If you’re committed to walking as a key weight loss tool, vary the terrain. Everything from cross-country and hilly walks to beach walks and roads will challenge you, as the uneven terrain stimulates different muscles in the ankles, knees, hips, and core.

You can also power it up by walking up a few hills or an incline to work your heart, lungs, and whole body more.
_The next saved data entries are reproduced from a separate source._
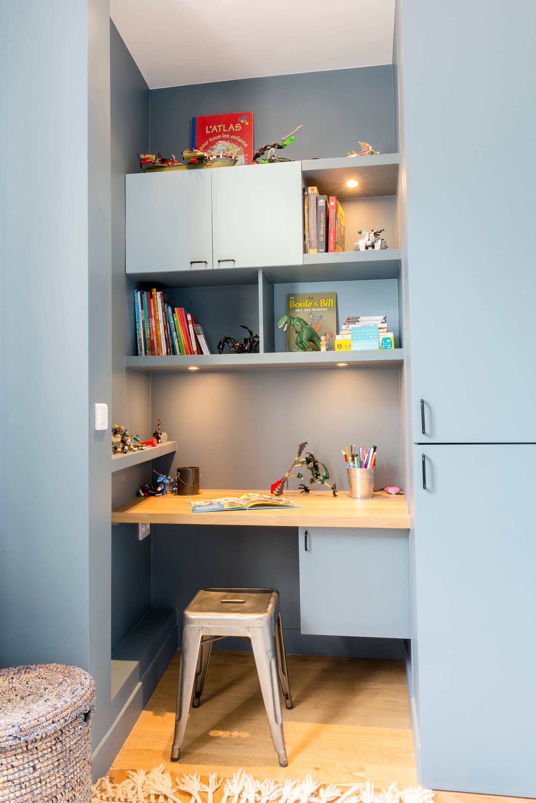 Se hai un vano inutilizzato in camera, puoi creare un angolo dove studiare. In questo caso, grazie alla profondità, è stato possibile posizionare il piano di lavoro internamente, creando una zona riservata. Se scegli la stessa tinta per mobili e parete – qui un sofisticato celeste polvere – puoi rendere questo posto perfettamente integrato con l’ambiente, attrezzato e funzionale.
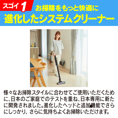 付属アクセサリー:ブラシ付き隙間用ノズル、ペットマルチノズル、布団ノズル、ミニモーターヘッド、充電ドック兼アクセサリースタンド、リチウムイオンバッテリー 2個
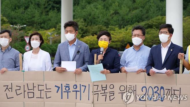 (무안=연합뉴스) 여운창 기자 = 2030년 온실가스 감축목표와 이행계획 수립을 촉구하는 기자회견이 13일 정의당 여영국 대표가 참석한 가운데 전남도청 앞 광장에서 열렸다. 2021.9.13 [정의당 제공·재판매 및 DB 금지]

Get Your Heart Rate Up: A Brisk Pace Is Best

If your goal is weight loss, aim for 5,000-7,000 steps performed at an elevated or brisk pace. Why? Because speeding up your stroll and walking uphill will increase your heart rate—and that’s when you begin to burn calories.

When your heart rate reaches upwards of 100-120 bpm, age-dependent, or roughly 60-70 percent of your maximum heart rate, 220 minus your age, you enter what’s known as the fat-burning zone, where fat is used as your primary energy source. In other words, you torch calories.

Mix It Up: Adding Variety to Your Walking Routine

Add some slower walks into the mix, too. Speed walking is excellent, but mix it with slower and longer-paced sessions. And make sure you’re activating your muscles while walking to give you a full-body workout.

Ensure your posture is strong, with your neck and back in a neutral spine and your glutes activated. This means your muscular and skeletal systems are both getting a good workout.